It’s a year or so since you’ve graduated college and you can only pay off your loans with waitress gigs. At this point, you’ve lost count of sent job applications, reorganized your job search strategy twice, and now you just can’t seem to figure out why you still haven’t landed an interview much less an emailed response as to why you didn’t get the position. In a time where silence is rejection, how is there any way of knowing what to improve on or learn from a failed attempt?
Here are some possible illogical and depressing reasons as to why us educated grads living with our parents, working jobs outside of our degree, cannot get jobs.
Your experience isn’t enough or the right kind
You have as much experience as one can have without having flunked out of school due to an overload of work. By now, job experience standards require us to have started working in our field at the mere age of five. How can we manage gaining any experience without being hired in the first place? It’s a vicious cycle where connections are the only way out.
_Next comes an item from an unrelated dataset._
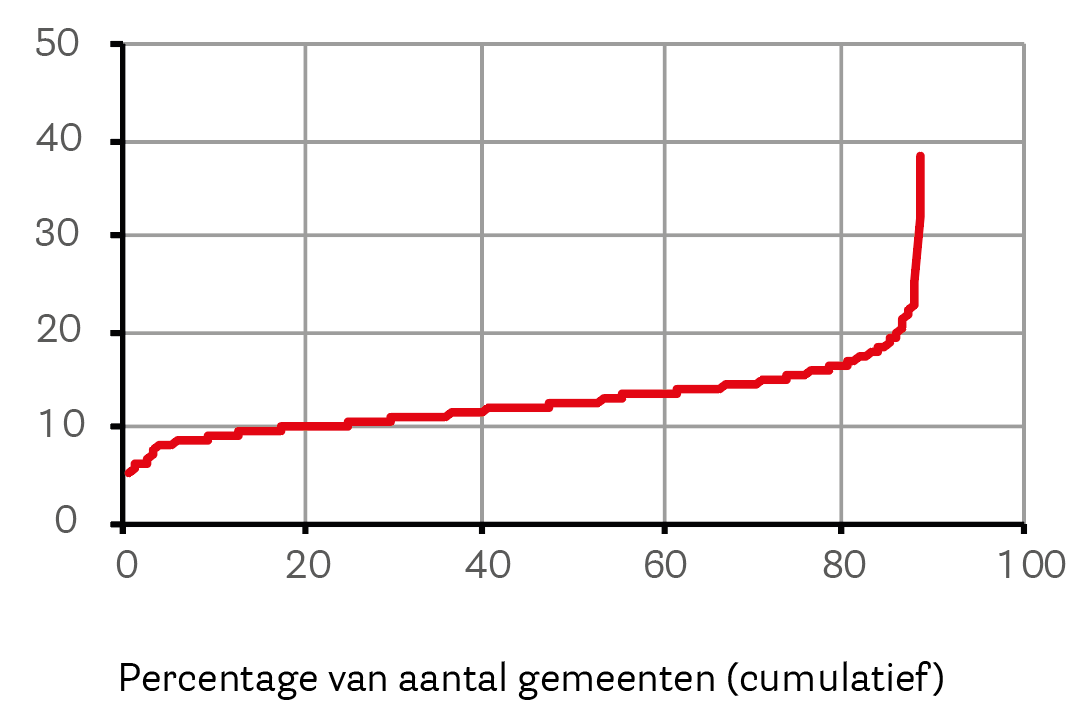 Onder de kaart en de tekst vindt u bij veel kaarten nog een figuur met een rode lijn. In deze figuur zijn alle gemeenten gerangschikt van laagste naar hoogste waarde.

You’re not “in the family”
You have everything it takes to do the job and do it well. You have the knowledge, experience, personality and skill set to really impress the employers. You fill out their application with grace until you come across the ever-dreaded question: “Are you related to anyone who is currently employed with us?” The answer is almost always no, and so is the answer to your question, “Did I get the job?”
It’s not what you know anymore (was it ever?), it’s who you know. We may have more experience or better grades or more talent in our field but no matter what, the one who knows someone on the inside will get the upper hand.
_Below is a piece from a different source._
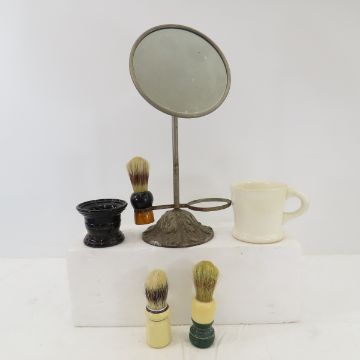 Antique Shaving Mirror, Brushes, Razor & Tins Please read terms & conditions and ask questions before bidding.

Make connections. Start a conversation with those around you; the guy at the bar, your manager at the restaurant you work at, your neighbors, your customers. You never know who may lend a hand.
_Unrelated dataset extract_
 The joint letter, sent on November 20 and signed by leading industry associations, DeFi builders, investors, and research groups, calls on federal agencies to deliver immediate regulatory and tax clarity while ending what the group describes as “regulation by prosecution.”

You spelled something wrong
You could have spelled something wrong or have punctuation/grammar errors in your cover letter. Mistakes are tacky (and ironic if you’re applying to a writing job). Period, end of sentence, it’s an easy way for recruiters/employers to lessen their application load.
The cover letter you spent hours/days/months working on just isn’t entertaining enough
Recruiters admit to how dull, tedious, monotonous, and all other words for boring it is to read application after application after cover letter and resume. There’s a hefty possibility that you didn’t receive a callback purely because you weren’t entertaining enough on paper. Someone else’s opening line of their cover letter was cleverer or they nailed the perfect formula for a resume the recruiter was looking for on that particular day.
There’s a fine line between standing out and appearing unprofessional. It is up to you to research and implement the best way to comfortably catch your reader’s attention.
They made up a reason
I’m sorry, somehow now we don’t have the funds to hire a new employee (thanks for the false advertisement). You didn’t quite match our websites tone, here’s what we’re looking for (but I did exactly that). Someone else spent one month longer interning than you did (FINE!!) The excuses are endless and usually bogus, but the worst reason is no reason.
You have no idea
Since most companies will leave you hanging, a lot of the time, you will never even find out why you didn’t get a job. You can follow up call and email all you want and still never hear anything back as to why you weren’t the chosen one.
Friends, family, and colleagues come in handy. Let others read your resume and cover letters. They will most likely pick up on anything you missed, should add or definitely remove.
Hey! The bright side is that after sending more applications than you can count and still have no job, you can definitively assume something is just not working.